You may work with a partner for this assignment. If you do you must use the same partner for all sub-components of this assignment.

Start Early

Professors often exhort students to start assignments early. Many students wait until the night before and then complete the assignments anyway. Students thus learn to ignore "start early" suggestions. This is not that sort of suggestion.

Warning: The Tools Take Hours
The tools you must use for this assignment literally take multiple hours to run. Some students reported that it took over 14 hours to run! (However, others were able to finish in about five minutes. Regardless of when you finish, everything is fine.) Even if you are fast and can finish your work at the last minute, the tools are not and can not. On our high-powered multi-core rack-mounted RAID-storage test machine it took 6.3 hours to run the the AFL tool and 1.25 hours to run the EvoSuite tool. However, as soon as you get enough data (see below) you can stop early.

However, once running, the tools are completely automated. Thus, you can start them running overnight, sleep and ignore them, and wake up to results. (Unfortunately, there is no way to resume an interrupted EvoSuite session without restarting it from the beginning, so be careful about laptop power and the like.)

This means that even though the assignment may not take hours of your active personal attention, you must start it days before the due date to be able to complete it in time.

Installing, Compiling and Running Legacy Code

It is your responsibility to download, compile, and run the subject programs and associated tools. Getting the code to work is part of the assignment. You can post on the forum for help and compare notes bemoaning various architectures (e.g., windows vs. mac vs. linux, etc.). Ultimately, however, it is your responsibility to read the documentation for these programs and utilities and use some elbow grease to make them work.

Subject Programs and Tools

There are two subject programs for this assignment. The programs vary in language, desired test type, and associated tooling.
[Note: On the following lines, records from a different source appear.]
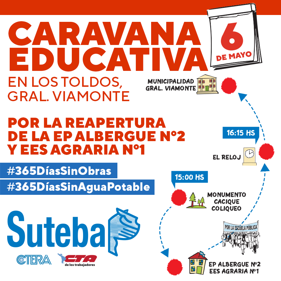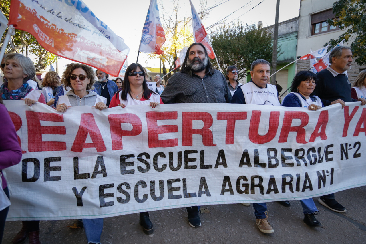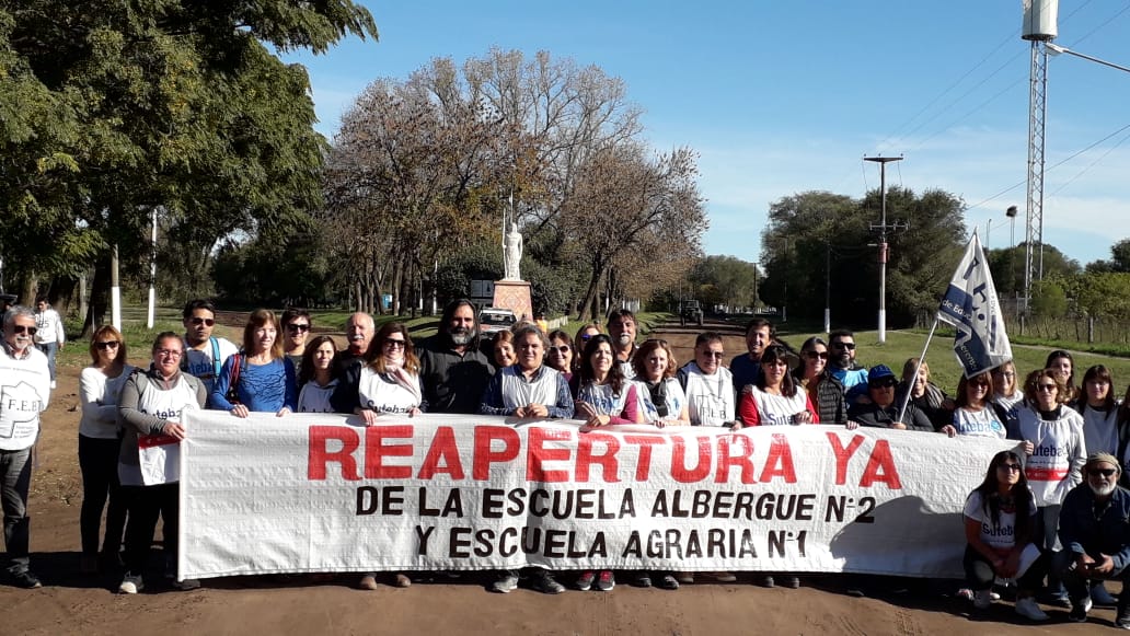Ante esta situación, el lunes 6 de mayo se realizó una masiva Caravana Educativa para exigir la inmediata reapertura de las Escuelas. Dicha Caravana se dirigió hacia la EP Albergue Nº 2 - EES Agraria Nº 1 (fundadas en la presidencia de Juan Domingo Perón) donde se realizó una parada y un recorrido de las instalaciones.
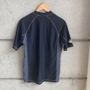Mens rashguard previously worn by my hubby . We were on a vacation and got invited out to surf but our luggage had been lost so he had to buy this overpriced one a hotel boutique so we could go out. Still in good condition and ready for someone that will wear it. Lots of stretch to it but here are the lay flat measurements…
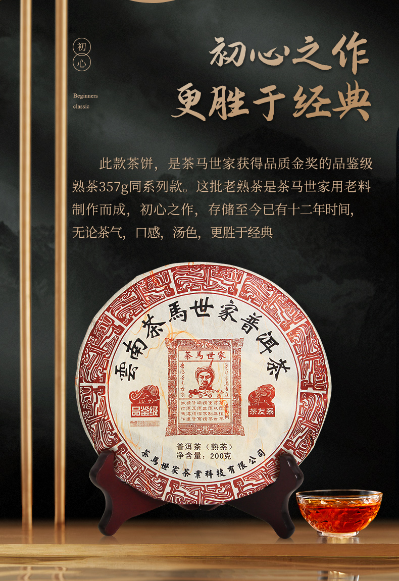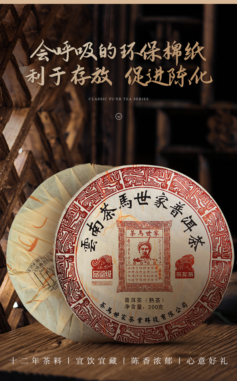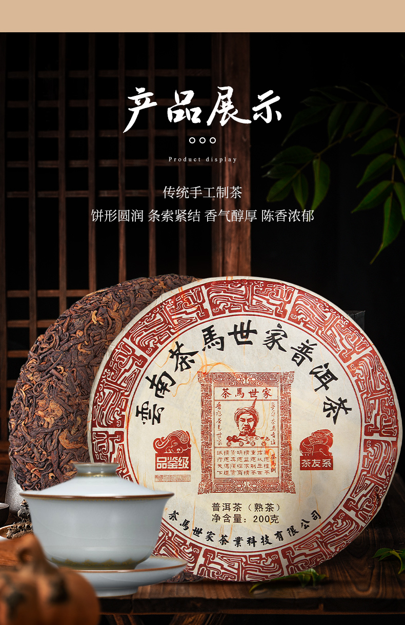 茶马世家 云南品鉴级普洱熟茶 PT200C2 200g/饼 枫叶色(单位:饼)

PNG Graphics (C) + American Fuzzy Lop

The first subject program is libpng's pngtest program, unchanged from Homework 1. This reuse has two advantages. First, since you are already familiar with the program, it should not take long to get started. Second, you will be able to compare the test cases produced by the black-box tool to the white-box test cases you made manually.
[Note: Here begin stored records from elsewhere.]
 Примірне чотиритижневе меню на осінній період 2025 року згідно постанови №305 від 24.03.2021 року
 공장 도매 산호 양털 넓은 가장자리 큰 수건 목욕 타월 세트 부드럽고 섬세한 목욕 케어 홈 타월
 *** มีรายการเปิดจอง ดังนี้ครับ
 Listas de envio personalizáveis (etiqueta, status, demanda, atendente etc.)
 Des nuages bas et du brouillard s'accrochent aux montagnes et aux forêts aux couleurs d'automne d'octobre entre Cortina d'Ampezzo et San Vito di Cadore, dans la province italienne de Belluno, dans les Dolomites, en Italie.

The associated test input generation tool is American Fuzzy Lop, version 2.52b. A mirror copy of the AFL tarball is here, but you should visit the project webpage for documentation. As the (punny? bunny?) name suggests, it is a fuzz testing tool.

You will use AFL to create a test suite of png images to exercise the pngtest program, starting from all of the png images provided with the original tarball. Note that you can terminate AFL as soon as you reach 510 paths_total — AFL does not stop on its own.

AFL claims that one of its key advantages is ease of use. Just follow along with their quick start guide. Extract the AFL tarball and run "make". Then change back to the libpng directory and re-compile libpng with a configure line like:

$ CC=/REPLACE/THIS/TEXT/WITH/YOUR/PARTICULAR/PATH/TO/afl-gcc_(don't_just_copy_this_in_unchanged) ./configure --disable-shared CFLAGS="-static" 

The "CC" bit will look something like (but maybe different for you) CC=/home/vagrant/eecs481/hw2/afl-2.52b/afl-gcc — note that there is no trailing slash. If you see configure: error: C compiler cannot create executables, double-check your spelling here.

Note that you are not using "coverage" or gcov for this homework assignment. I recommend re-extracting the libpng tarball into a new, separate directory just to make sure that you are not mistakenly leaving around any gcov-instrumented files. We only want AFL instrumentation for this assignment.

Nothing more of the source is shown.